Squid Game: The Challenge is even more horrific than I feared

The original Squid Game was that rare thing: a non-English language drama that became an international sensation. Following a group of desperately poor people invited to take part in a series of challenges inspired by children’s games – the catch being that anyone eliminated was immediately killed – this 2021 South Korean series was inventive, compelling, and with its red-suited villains and technicolour game rooms, a treat to look at. It was fantastic television and it’s no surprise that two years on it is Netflix’s most-watched series of all time.

The real triumph, though, was its central morality tale about the corruption of capitalism and a warning of the depravity humans are capable of when the chasm between rich and poor grows irreparably wide. How bleak, then, that its new spin-off is so horrific.

Squid Game: The Challenge is nothing more than a cynical attempt to regenerate the viewing figures Squid Game earned, shamelessly piggybacking its success and in the process reducing the original to a cheap gimmick.

Squid Game: The Challenge. Season 1 of Squid Game: The Challenge. Cr. Pete Dadds/Netflix ?? 2023
The 456 contestants all live in a dorm together (Photo: Pete Dadds/Netflix)

A reality game show based on the one in the original (though this version is filmed in a cavernous UK studio rather than on a tropical island), this derivative series sees 456 players from around the world take on the exact same challenges as in the original series. As they move through the games, players are knocked out and the eventual prize money – suspended in a giant transparent piggy bank as in the show – climbs to an eye-watering, life-changing $4.56 million (£3.64 million).

There’s Red Light, Green Light game, which has become emblematic of Squid Game and involves contestants racing towards a gigantic creepy rotating robot doll who will eliminate them if she catches them moving; the Dalgona challenge, in which players must cut out a shape from a piece of honeycomb using a needle; there are marbles. The contestants all live in an enormous dormitory identical to the one in the drama.

Unlike the baddies in Squid Game, Netflix does not kill off its contestants and harvest their organs. Instead, packs of black ink strapped to their chests explode to indicate they’re out of the game. Each of the players gamely pretends to cark it on the spot – I laughed every single time. That’s one of the main problems with this series: it desperately wants to be taken seriously, but it is so astronomically silly that it’s simply impossible to watch with any sense of earnestness.

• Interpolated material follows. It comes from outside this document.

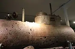In April 2002 the wreck of U-5095 was recovered by the Royal Dutch Navy and a civilian salvage team lying buried beneath a beach at Egmond aan Zee in the Netherlands, after having been run aground there by its crew in February 1945, and the remains are now on display at the IJmuiden bunker museum.[8] Its two onboard torpedoes were found to be still active and their warheads were separated from their delivery systems and control-detonated at sea.[9]
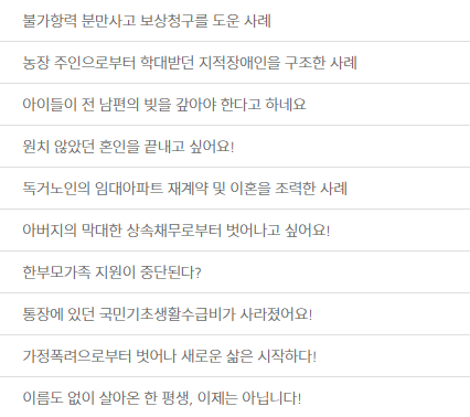 ● 도움 받을 수 있는 분야 : 채권, 채무, 이혼, 친권 양육권, 상속유언, 손해배상, 근로관계 임금, 개인회생, 파산 등 생활법률 전반에 관한 법률 서비스

On a practical, functional level, it works. But of course it does: it’s a carbon copy of the original series, right down to the slo-mo sequences soundtracked by Strauss’s “The Blue Danube Waltz”.

The players have clearly studied the drama for tips and tricks – they all instinctively begin to lick the Dalgona, while it took the fictional characters a while to figure out the best way to extract their shape. It begs the question: why not just watch Squid Game?

There are some differences. Squid Game: The Challenge introduces psychological “tests” in which players can eliminate each other (I suppose the nighttime murder sprees featured in the drama are hard to replicate) and there are a few new games, including a novel take on Battleship.

These tests are designed to inject a bit of tension into proceedings and, for the most part, it works. The players become paranoid, form alliances and target one another for elimination. Still, it’s hardly an unconventional tactic – from The Traitors to Big Brother, psychological manipulation has been reality TV’s bread and butter for years. After a series of these “tests” play out in a row, you start to wonder when the show is going to get back to the real games.

Squid Game: The Challenge. Cr. Pete Dadds/Netflix ?? 2023 Squid Game: The Challenge TV Still Netflix
Squid Game: The Challenge desperately wants to be taken seriously (Photo: Pete Dadds/Netflix)

The players approach the game with grave sincerity. I would too if there were millions on offer. But with 456 of them – all dressed in the iconic green tracksuits, their assigned numbers emblazoned across their chests – it’s impossible not only to keep up with who’s who, but also to care who wins. There are some standout characters (a mother and son duo, a meathead athlete who gets his comeuppance, an underestimated older man), but not one player got particularly under my skin or made me root for them.

But the real problem with Squid Game: The Challenge is its blinkered, flagrant refusal to acknowledge the message of its source material – that exploiting cash-strapped people for entertainment is perhaps not a Good Thing. In creating this series, Netflix has made us the villains akin to the evil masked millionaires who aid and abet the murderous games in the original.

The central themes of Squid Game – the futility of social mobility, how we assess life in terms of monetary value – are completely lost among the bitching, backstabbing and gameplans. Perhaps I’m being a miser, maybe I should just give in to the fun of it all. But Squid Game: The Challenge left me feeling empty and grubby. I’m happy to take the moral high road this time.